Ordinary People and Independent Personalities () is a conservative political party in Slovakia. The anti-establishment party founded in 2011 won the 2020 parliamentary election on an anti-corruption platform. After getting in charge, OĽaNO adopted a generally conservative outlook. The party is led by former prime minister of Slovakia Igor Matovič. The incumbent prime minister was a member of the party presidium, Eduard Heger, succeeding Matovič in 2021.

History
The four Ordinary People (OĽaNO) MPs were Igor Matovič, Erika Jurinová, Martin Fecko, Jozef Viskupič. OĽaNO sat in the National Council with the SaS and signed an agreement with the SaS that its members could not cross the floor to another group.  In June and July 2010, it was rumoured that OĽaNO would refuse to back the programme of the new centre-right coalition, which included Freedom and Solidarity, and whose majority depended on Ordinary People.

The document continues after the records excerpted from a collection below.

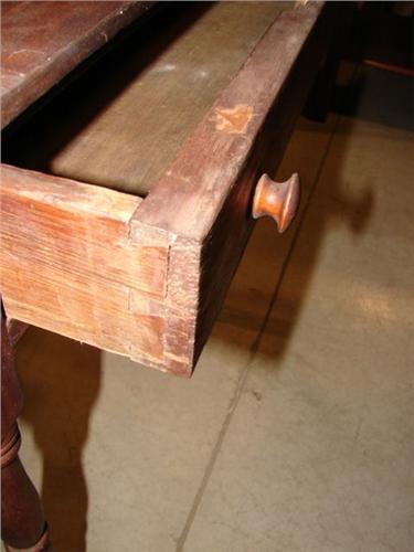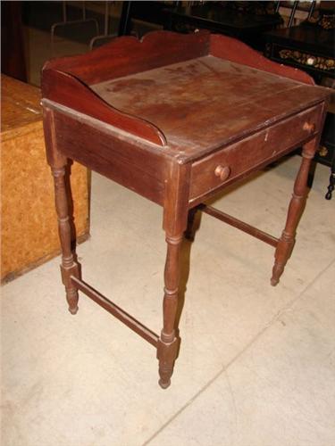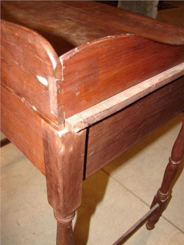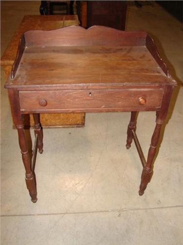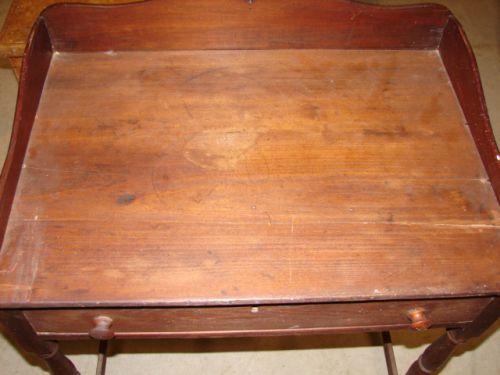 SOFTWOOD SINGLE DRAWER WASHSTAND. Has single dovetailed drawer and dovetailed cut-out galley at top. Turned legs. 32.5” H, 27” W, 18” D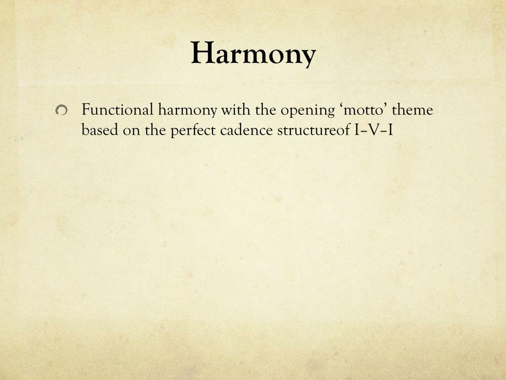 Harmony • Functional harmony with the opening ‘motto’ theme based on the perfect cadence structureof I–V–I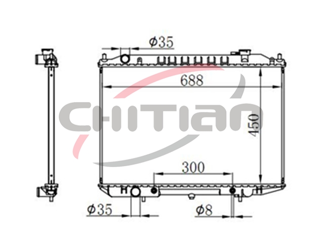 Name: RadiatorPart No.: CT-NS354Remark: Depth (mm):16Length (mm):688Transmission ():ATWidth (mm):450OEM Number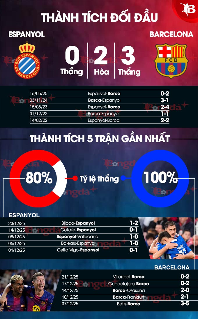 Trong quá khứ, Barca thường áp đảo khi đến thi đấu trên sân của Espanyol. Bằng chứng là trong 16 lần gần nhất đến làm khách ở RCDE, đội chủ sân Camp Nou thắng 9 và hòa 7 trận. Nhưng bây giờ, Espanyol đang “vào phom” và được xem là hiện tượng ở La Liga mùa này, nên Barca sẽ không dễ thắng.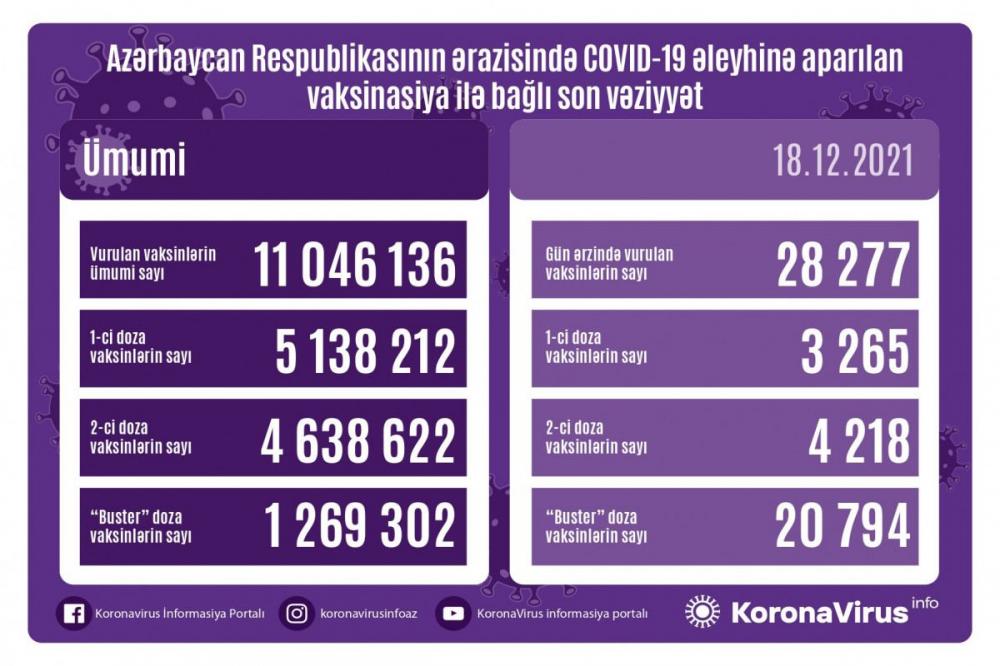 Azərbaycanda koronavirus əleyhinə vurulan vaksinlərin sayı 11 milyonu ötüb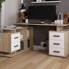 Стол компьютерный угловой СКМУ-3 Белый/Дуб сонома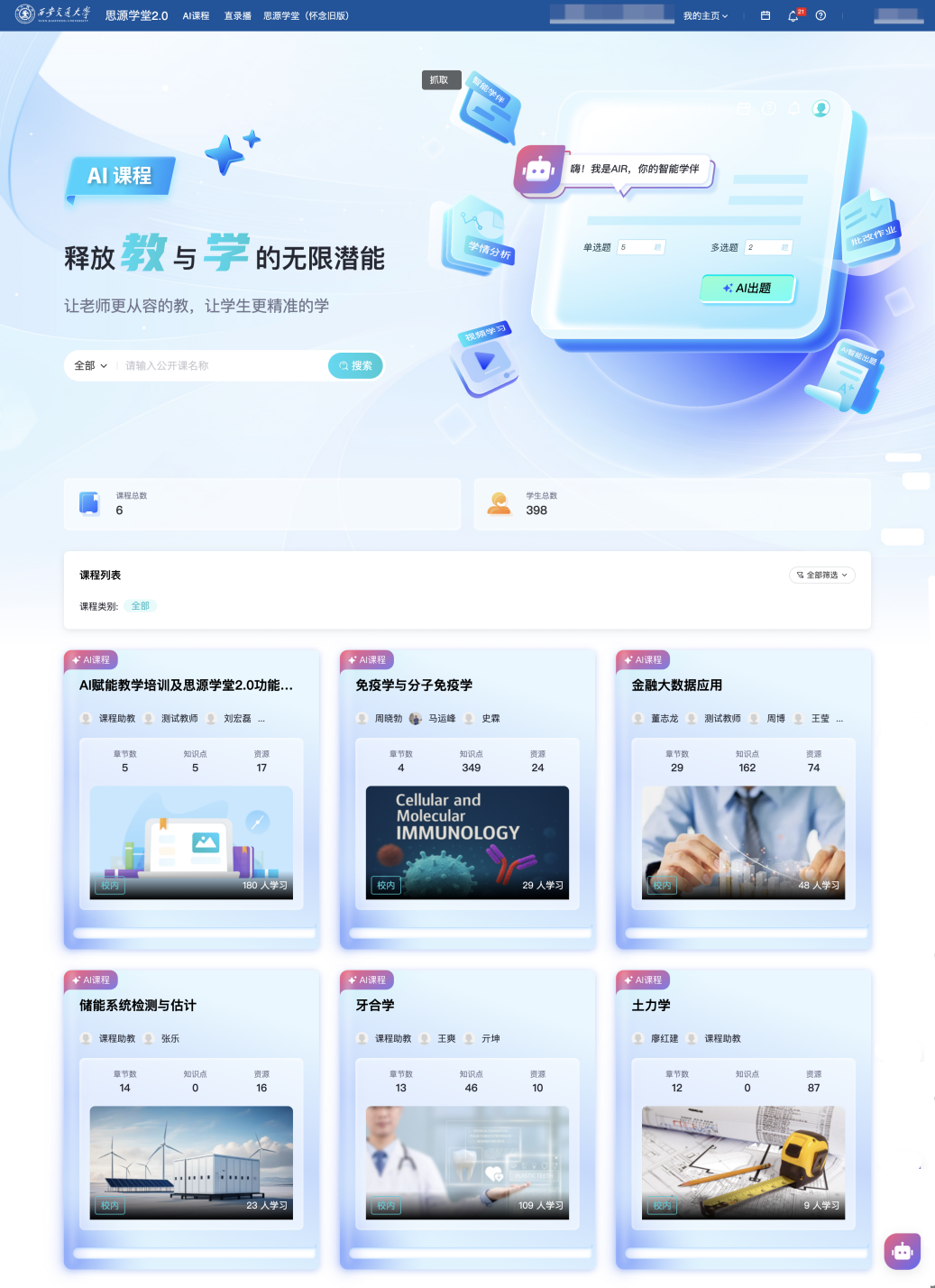 构成更多具有立异性、切实处理了留学生群体的焦点讲授痛点,开展针对性培训,西安交大全面摆设建成了新版思源私塾聪慧讲授平台(),为全国高档教育数字化转型供给了“交风雅案”。

In August 2010, Matovič said that it was not the right time to become an independent party. However, on 28 October 2011, Ordinary People filed a formal party registration, while Matovič announced that the party would compete in 2012 parliamentary election as a separate electoral list, of independents and representatives of the Civic Conservative Party and the Conservative Democrats. In the 2012 election, the party came in third place overall, winning 8.55% of the vote and 16 seats.

In the 2014 European elections, OĽaNO came in fourth place nationally, receiving 7.46% of the vote and electing 1 MEP.

In the 2016 parliamentary election, Ordinary People ran in alliance with New Majority. They received 11.02% votes in Slovakia and consequently 19 MPs in the Slovak Parliament, 17 of whom came from Ordinary People.

In 2014–2019, the party was member of European Parliament group of European Conservatives and Reformists and in 2019 switched to the European People's Party group.

At the February 2020 parliamentary election, the Party received 25.0% of the vote, winning a 53 of 150 seats in the National Council. Party leader Igor Matovič was appointed as the Prime Minister designate.

Ideology and platform
Initially a big tent populist party, it eventually adopted a generally conservative outlook while maintaining its anti-corruption and anti-elitist rhetoric. Although conservative voices were always present in OĽaNO, their influence became significant after the 2020 parliamentary election. Party leader Igor Matovič endorsed the 2015 Slovak referendum initiated by Alliance for Family, voting against the introduction of same-sex marriages, adoptions and compulsory sex education in state schools. Before the last election, Matovič announced that his party would not join a coalition government that wanted to establish civil unions or loosen drug policy. At the same time, Christian Union merged into the party, presenting bills restricting abortions with major party support.  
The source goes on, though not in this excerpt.